Created on 12-06-2017 10:15 PM - edited 09-16-2022 05:36 AM
We have been testing LLAP concurrency for a couple months now. A little info on our test cluster below.
We can get results back pretty quick (under 2 seconds) below 12 concurrent queries. However, once it reaches 18 and above, we started seeing longer runtime and a lot of killed task attempts (see image). I believe it contributes to the longer rumtime. Is it enough info to figure out which configuration setup can avoid those killed tasks?
HDP version 2.6
Thanks.
Created 12-12-2017 01:11 AM
Yeah I suspect this is where cluster is reaching capacity. Killed task attempts are probably composed of two types: rejected task attempts because LLAP daemon is full and won't accept new work; and killed opportunistic non-finishable tasks (preemption). The latter happen because Hive starts some tasks (esp. reducers) before all inputs for them are ready, to be able to download the inputs from some upstream tasks while waiting for other upstream tasks to finish. When parallel queries want to run a task that can run and finish immediately, they would pre-empt non-finishable tasks (otherwise a task that is potentially doing nothing and waiting for something else to finish could take resouces from the tasks that are ready). This is normal with high volume concurrent queries that amount of preemption increases. The only way to check if there are any other (potentially problematic) kills now is to check the logs...

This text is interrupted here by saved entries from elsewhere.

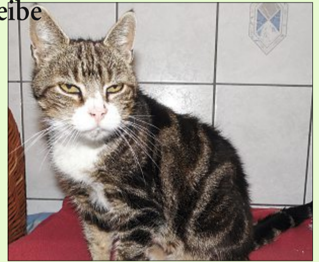
Gaby sucht ein eher ruhiges Zuhause.

Die Öffnungszeiten im Winterhalbjahr sind: täglich von 13.30 bis 16 Uhr und nach Vereinbarung – ausgenommen dienstags, mittwochs und an Feiertagen, dann ist das Tierheim für Besucher geschlossen. Weitere Informationen finden sich zudem im Internet auf www.tierheim-hage.de .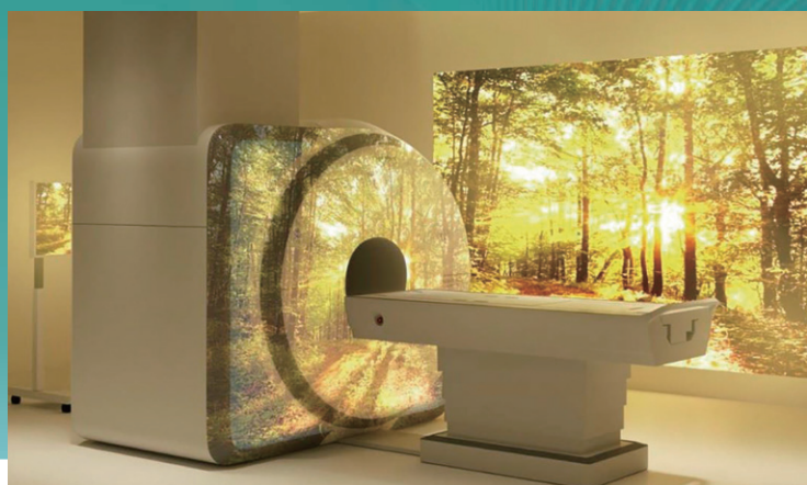
MRIアンビアンシステム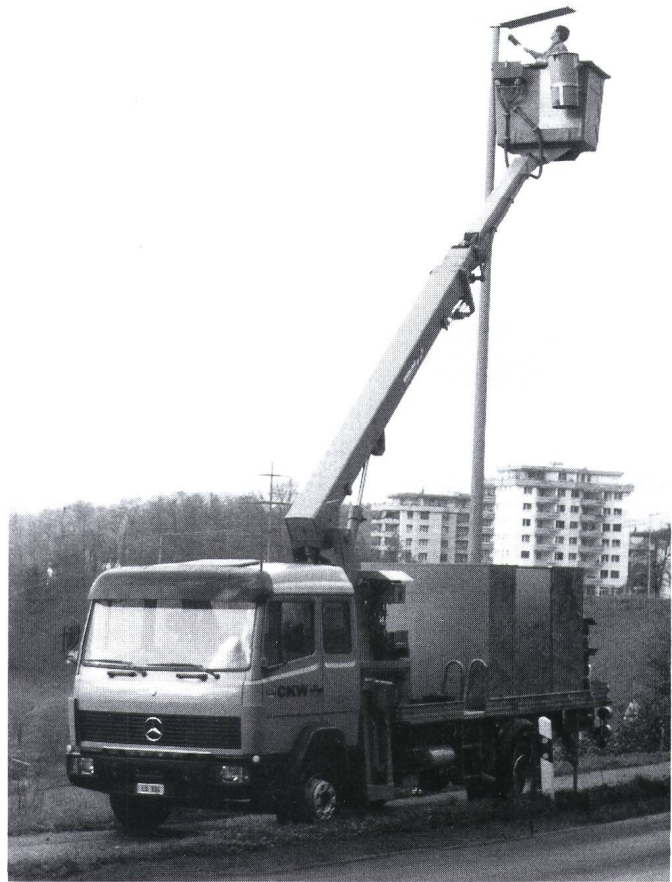
Figur 5 Mercedes-Lastwagen mit Arbeitsbühne

grossen Bewegungsbereiches der Arbeitsbühne können auch schwer zugängliche Lampenstellen erreicht werden. Der Einsatz muss sich nicht nur auf die öffentliche Beleuchtung beschränken. Auch wo in gewisser Höhe Arbeiten auszuführen sind (z.B. zum Ausholzen von Leitungszügen usw.), eignet sich dieses Arbeitsmittel bestens.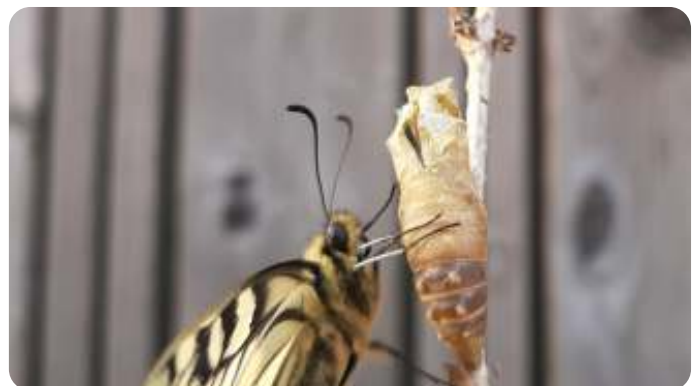
Juist verpopte koninginnenpage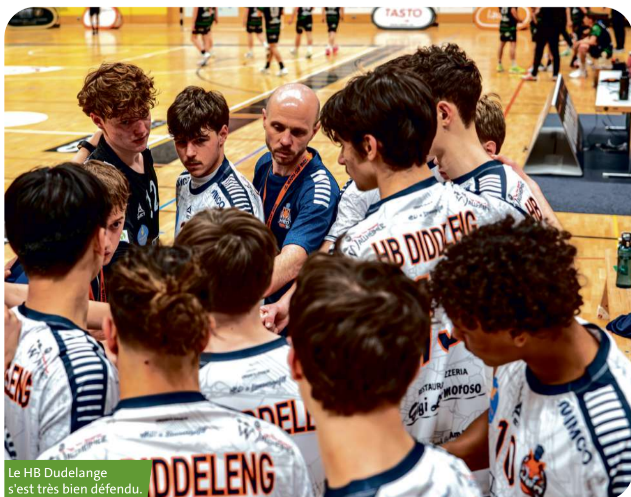
Le HB Dudelange s'est très bien défendu.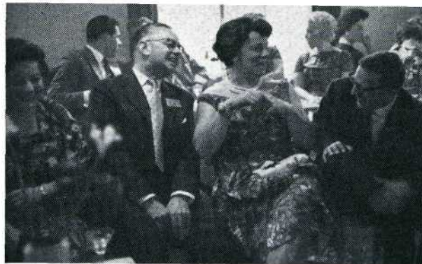
Reuze-stemming bij de ontvangst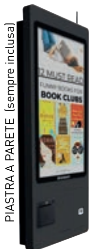
PIASTRA PARETE (sempre inclusa)

Kiosk NON FISCALE : per ordini, gestione file e advertising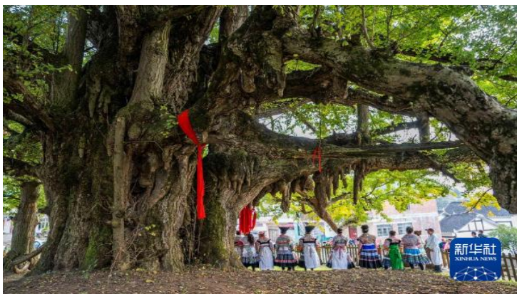
毕节市小坝镇莺戈岩村树龄超过1700年的古银杏树。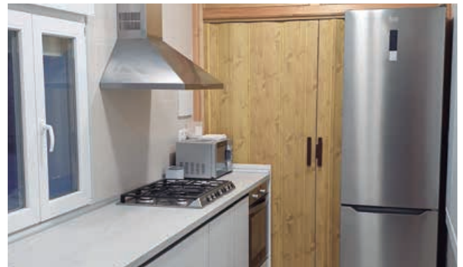
Dotación de cocina al Centro Social de Requejo

A lo largo del año se llevaron a cabo importantes obras de mejora y acondicionamiento en el Centro Sociocultural de Requejo.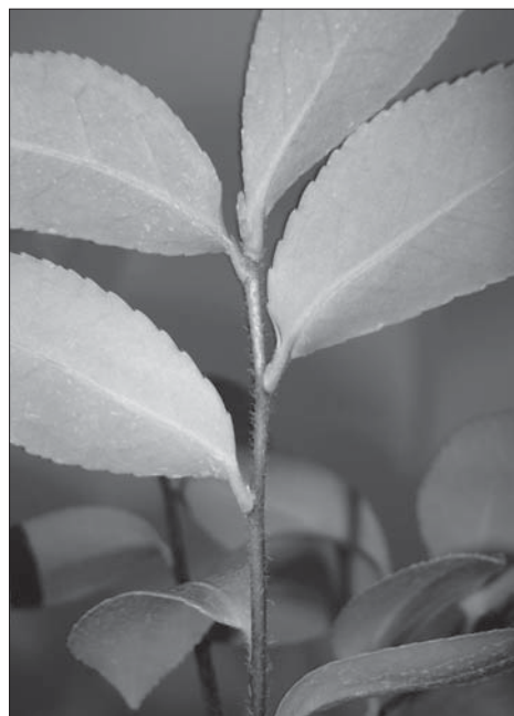
Рис. 2. Молодий пагін Camellia oleifera Abel Fig. 2. Young shoot of Camellia oleifera Abel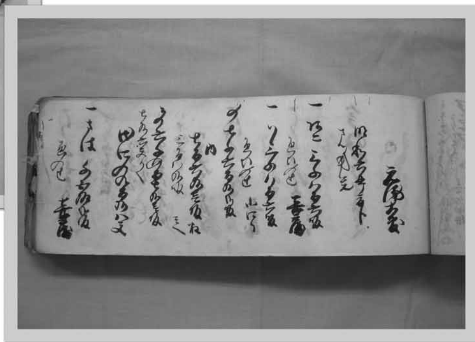
明和六（1769）年の夏に大敷網で1万匹近くの「あこ（トビウオ）」・「さば」が水揚げされたことを伝えている（明和六年「大敷網算用帳」目録番号2-1）

If cache is not as important for these queries you can try to reducehive.llap.task.scheduler.locality.delay, which may cause faster scheduling for tasks (-1 means infinite, the minimum otherwise is 0)..
However, once the cluster is at capacity, it's not realistic to expect sub-linear scaling... individual query runtime improvements would also improve aggregate runtime in this case.
Created 12-08-2017 07:56 PM
If 6 queries take 4 seconds, scaling linearly would mean 50 queries should take ~33 seconds if the cluster was at capacity. I'm assuming there's also some slack, however unless queries are literally 2-3 tasks, that probably means at some point the cluster reaches capacity and the tasks from different queries start queueing up (even if they do run faster due to cache, JIT, etc.). Are 54 executors per machine, or total?By 50% capacity do you mean 4 LLAP with 50% of a node, or 2 LLAPs with full node? In absence of other information 13sec (which is much better than linear scaling) actually looks pretty good. One would need to look at query details and especially cluster utilization with different number of queries to determine if one needs parallel query improvement, or (which is more likely) single-query improvement because the tasks are simply waiting for other tasks with cluster at capacity.
Also, 4 queries by default is just a reasonable default for most people starting out; parallel query capacity actually requires some resources (to have AMs present; otherwise AM startup will affect perf a lot), so we chose a value on the low end.
As for memory usage per query, the counters at the end and in Tez UI output cache/IO memory used, however Java memory use by execution is not tracked well right now.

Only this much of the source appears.